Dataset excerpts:

-----

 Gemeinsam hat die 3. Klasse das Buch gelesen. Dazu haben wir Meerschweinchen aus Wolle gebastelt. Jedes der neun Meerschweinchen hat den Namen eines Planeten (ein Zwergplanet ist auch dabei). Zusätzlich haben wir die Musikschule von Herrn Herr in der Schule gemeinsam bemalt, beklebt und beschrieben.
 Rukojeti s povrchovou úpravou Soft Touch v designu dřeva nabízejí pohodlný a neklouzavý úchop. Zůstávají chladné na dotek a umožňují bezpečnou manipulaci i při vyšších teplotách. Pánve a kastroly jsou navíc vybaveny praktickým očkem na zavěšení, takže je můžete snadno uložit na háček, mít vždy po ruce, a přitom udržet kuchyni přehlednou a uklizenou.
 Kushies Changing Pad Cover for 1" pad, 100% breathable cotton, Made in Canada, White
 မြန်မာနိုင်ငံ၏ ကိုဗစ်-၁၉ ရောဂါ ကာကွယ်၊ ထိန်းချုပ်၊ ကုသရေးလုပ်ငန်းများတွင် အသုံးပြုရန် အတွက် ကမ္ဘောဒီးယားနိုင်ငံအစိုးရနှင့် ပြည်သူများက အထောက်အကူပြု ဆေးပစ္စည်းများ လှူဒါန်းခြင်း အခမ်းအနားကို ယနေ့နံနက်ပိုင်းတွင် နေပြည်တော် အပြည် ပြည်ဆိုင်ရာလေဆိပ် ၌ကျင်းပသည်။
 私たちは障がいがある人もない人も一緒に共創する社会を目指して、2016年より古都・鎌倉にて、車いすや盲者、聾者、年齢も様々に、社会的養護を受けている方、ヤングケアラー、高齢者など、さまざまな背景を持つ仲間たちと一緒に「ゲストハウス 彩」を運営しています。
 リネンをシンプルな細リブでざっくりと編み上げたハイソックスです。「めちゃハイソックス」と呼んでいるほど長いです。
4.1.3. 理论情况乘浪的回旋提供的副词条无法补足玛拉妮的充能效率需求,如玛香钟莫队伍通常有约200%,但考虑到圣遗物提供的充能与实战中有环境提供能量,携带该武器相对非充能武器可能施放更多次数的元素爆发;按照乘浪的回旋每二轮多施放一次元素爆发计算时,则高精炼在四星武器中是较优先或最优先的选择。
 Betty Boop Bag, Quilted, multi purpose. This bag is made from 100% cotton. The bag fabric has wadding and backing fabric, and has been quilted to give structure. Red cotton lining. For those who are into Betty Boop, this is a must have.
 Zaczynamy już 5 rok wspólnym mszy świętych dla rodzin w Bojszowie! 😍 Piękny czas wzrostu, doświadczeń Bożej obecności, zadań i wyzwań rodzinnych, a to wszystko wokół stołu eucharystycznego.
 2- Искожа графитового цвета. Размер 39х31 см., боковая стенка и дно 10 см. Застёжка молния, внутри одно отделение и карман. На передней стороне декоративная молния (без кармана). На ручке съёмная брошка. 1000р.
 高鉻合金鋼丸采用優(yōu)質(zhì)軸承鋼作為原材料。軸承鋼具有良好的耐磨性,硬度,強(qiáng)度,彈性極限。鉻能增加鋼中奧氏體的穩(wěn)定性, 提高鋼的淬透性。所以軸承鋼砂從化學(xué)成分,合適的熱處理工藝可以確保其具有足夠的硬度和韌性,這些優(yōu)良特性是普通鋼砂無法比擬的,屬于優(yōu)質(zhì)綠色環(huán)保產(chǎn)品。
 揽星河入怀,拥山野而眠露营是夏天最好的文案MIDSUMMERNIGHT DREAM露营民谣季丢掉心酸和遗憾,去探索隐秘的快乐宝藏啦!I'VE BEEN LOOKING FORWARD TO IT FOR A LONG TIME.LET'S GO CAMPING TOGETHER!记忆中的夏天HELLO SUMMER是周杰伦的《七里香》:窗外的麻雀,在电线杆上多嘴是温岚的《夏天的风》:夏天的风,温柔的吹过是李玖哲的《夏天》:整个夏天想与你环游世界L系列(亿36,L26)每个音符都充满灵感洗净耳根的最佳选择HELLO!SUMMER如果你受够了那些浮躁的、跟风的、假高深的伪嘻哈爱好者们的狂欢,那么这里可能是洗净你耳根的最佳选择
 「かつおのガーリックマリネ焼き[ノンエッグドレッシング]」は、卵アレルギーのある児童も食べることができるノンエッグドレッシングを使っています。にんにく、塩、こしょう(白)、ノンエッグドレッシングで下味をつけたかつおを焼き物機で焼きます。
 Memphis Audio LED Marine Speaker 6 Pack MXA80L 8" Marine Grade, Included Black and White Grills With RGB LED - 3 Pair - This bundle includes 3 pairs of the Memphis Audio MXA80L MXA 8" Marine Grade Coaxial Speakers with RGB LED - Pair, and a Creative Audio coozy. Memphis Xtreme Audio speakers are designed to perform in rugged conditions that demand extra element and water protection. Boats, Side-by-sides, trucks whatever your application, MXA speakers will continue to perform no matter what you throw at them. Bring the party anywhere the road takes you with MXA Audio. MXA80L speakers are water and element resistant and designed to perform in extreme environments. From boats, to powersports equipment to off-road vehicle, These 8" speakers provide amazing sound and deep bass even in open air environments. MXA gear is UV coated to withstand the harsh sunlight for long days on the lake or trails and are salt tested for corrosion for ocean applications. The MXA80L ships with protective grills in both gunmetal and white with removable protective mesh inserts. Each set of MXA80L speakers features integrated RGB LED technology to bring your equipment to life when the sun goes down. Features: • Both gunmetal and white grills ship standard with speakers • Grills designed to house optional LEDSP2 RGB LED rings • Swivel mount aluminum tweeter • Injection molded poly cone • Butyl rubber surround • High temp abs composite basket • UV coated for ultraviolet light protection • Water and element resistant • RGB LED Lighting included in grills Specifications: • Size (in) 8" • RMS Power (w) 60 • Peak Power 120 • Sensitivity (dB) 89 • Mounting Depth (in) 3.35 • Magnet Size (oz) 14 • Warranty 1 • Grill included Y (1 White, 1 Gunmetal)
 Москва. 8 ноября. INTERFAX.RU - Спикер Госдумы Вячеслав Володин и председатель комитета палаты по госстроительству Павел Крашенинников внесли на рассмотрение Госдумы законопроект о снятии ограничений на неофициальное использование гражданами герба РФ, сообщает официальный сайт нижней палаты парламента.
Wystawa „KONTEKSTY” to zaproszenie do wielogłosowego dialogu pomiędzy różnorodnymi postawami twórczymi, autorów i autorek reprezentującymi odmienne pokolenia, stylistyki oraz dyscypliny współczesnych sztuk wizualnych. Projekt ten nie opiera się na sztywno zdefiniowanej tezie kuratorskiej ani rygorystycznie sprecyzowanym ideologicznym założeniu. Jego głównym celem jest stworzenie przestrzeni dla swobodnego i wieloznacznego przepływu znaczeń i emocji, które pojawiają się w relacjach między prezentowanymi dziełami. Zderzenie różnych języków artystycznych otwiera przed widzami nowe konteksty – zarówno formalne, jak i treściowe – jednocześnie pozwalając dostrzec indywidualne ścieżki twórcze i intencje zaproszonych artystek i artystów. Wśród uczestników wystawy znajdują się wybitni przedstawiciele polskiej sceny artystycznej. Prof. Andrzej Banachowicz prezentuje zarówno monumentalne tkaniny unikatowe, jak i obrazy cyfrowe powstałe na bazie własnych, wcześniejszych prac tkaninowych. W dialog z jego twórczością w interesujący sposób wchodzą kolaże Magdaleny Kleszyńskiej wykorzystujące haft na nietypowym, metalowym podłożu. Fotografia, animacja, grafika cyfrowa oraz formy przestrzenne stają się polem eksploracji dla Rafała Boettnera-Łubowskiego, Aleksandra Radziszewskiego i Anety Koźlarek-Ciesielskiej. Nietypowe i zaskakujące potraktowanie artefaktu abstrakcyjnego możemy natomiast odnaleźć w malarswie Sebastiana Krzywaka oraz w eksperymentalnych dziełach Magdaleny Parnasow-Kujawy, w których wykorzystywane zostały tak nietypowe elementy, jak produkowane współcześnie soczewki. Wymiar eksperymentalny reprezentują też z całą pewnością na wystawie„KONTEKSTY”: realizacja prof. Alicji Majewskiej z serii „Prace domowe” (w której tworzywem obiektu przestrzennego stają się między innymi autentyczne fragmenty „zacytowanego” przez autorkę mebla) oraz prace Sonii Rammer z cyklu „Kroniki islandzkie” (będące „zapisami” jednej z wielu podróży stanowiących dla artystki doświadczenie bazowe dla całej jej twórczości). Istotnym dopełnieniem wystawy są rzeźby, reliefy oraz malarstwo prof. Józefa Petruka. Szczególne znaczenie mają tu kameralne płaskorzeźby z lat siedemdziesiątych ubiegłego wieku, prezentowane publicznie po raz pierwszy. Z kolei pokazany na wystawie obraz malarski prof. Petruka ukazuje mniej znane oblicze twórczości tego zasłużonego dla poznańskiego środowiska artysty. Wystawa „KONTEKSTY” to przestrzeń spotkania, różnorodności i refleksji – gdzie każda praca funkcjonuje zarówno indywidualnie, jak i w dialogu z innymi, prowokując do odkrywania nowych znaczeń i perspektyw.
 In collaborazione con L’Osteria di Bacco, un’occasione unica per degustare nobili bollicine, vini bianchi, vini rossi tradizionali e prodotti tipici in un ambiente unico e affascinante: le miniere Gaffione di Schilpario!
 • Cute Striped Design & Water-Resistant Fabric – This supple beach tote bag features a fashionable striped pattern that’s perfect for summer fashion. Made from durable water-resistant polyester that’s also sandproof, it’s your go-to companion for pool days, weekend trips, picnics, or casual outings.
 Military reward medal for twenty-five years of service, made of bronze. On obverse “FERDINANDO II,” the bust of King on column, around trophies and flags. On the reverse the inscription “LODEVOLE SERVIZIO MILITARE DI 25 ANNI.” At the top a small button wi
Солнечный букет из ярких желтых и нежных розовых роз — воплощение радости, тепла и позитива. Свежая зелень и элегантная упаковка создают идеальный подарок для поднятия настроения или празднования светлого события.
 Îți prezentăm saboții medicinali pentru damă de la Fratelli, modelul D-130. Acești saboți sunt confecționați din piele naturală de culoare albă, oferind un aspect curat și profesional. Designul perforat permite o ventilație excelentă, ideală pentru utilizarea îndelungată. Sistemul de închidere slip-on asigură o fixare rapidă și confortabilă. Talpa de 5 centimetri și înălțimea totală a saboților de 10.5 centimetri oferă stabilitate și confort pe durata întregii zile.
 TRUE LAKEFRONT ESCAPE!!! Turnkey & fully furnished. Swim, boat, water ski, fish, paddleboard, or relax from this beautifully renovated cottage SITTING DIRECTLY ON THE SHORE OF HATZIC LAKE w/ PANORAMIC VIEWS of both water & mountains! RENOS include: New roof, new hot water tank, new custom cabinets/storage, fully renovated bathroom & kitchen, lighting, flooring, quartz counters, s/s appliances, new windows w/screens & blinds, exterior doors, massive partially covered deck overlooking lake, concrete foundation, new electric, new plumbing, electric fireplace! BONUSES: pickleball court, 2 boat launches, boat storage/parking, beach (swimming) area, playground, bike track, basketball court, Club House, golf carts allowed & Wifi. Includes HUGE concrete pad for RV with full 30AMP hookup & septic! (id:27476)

-----

# About this exercise
Among the records above, a stretch begins at the line containing "Rukojeti s povrchovou" and ends at the line containing "私たちは障がいがある人もない". Restate that stretch word for word, and nothing else.

# Result
 Rukojeti s povrchovou úpravou Soft Touch v designu dřeva nabízejí pohodlný a neklouzavý úchop. Zůstávají chladné na dotek a umožňují bezpečnou manipulaci i při vyšších teplotách. Pánve a kastroly jsou navíc vybaveny praktickým očkem na zavěšení, takže je můžete snadno uložit na háček, mít vždy po ruce, a přitom udržet kuchyni přehlednou a uklizenou.
 Kushies Changing Pad Cover for 1" pad, 100% breathable cotton, Made in Canada, White
 မြန်မာနိုင်ငံ၏ ကိုဗစ်-၁၉ ရောဂါ ကာကွယ်၊ ထိန်းချုပ်၊ ကုသရေးလုပ်ငန်းများတွင် အသုံးပြုရန် အတွက် ကမ္ဘောဒီးယားနိုင်ငံအစိုးရနှင့် ပြည်သူများက အထောက်အကူပြု ဆေးပစ္စည်းများ လှူဒါန်းခြင်း အခမ်းအနားကို ယနေ့နံနက်ပိုင်းတွင် နေပြည်တော် အပြည် ပြည်ဆိုင်ရာလေဆိပ် ၌ကျင်းပသည်။
 私たちは障がいがある人もない人も一緒に共創する社会を目指して、2016年より古都・鎌倉にて、車いすや盲者、聾者、年齢も様々に、社会的養護を受けている方、ヤングケアラー、高齢者など、さまざまな背景を持つ仲間たちと一緒に「ゲストハウス 彩」を運営しています。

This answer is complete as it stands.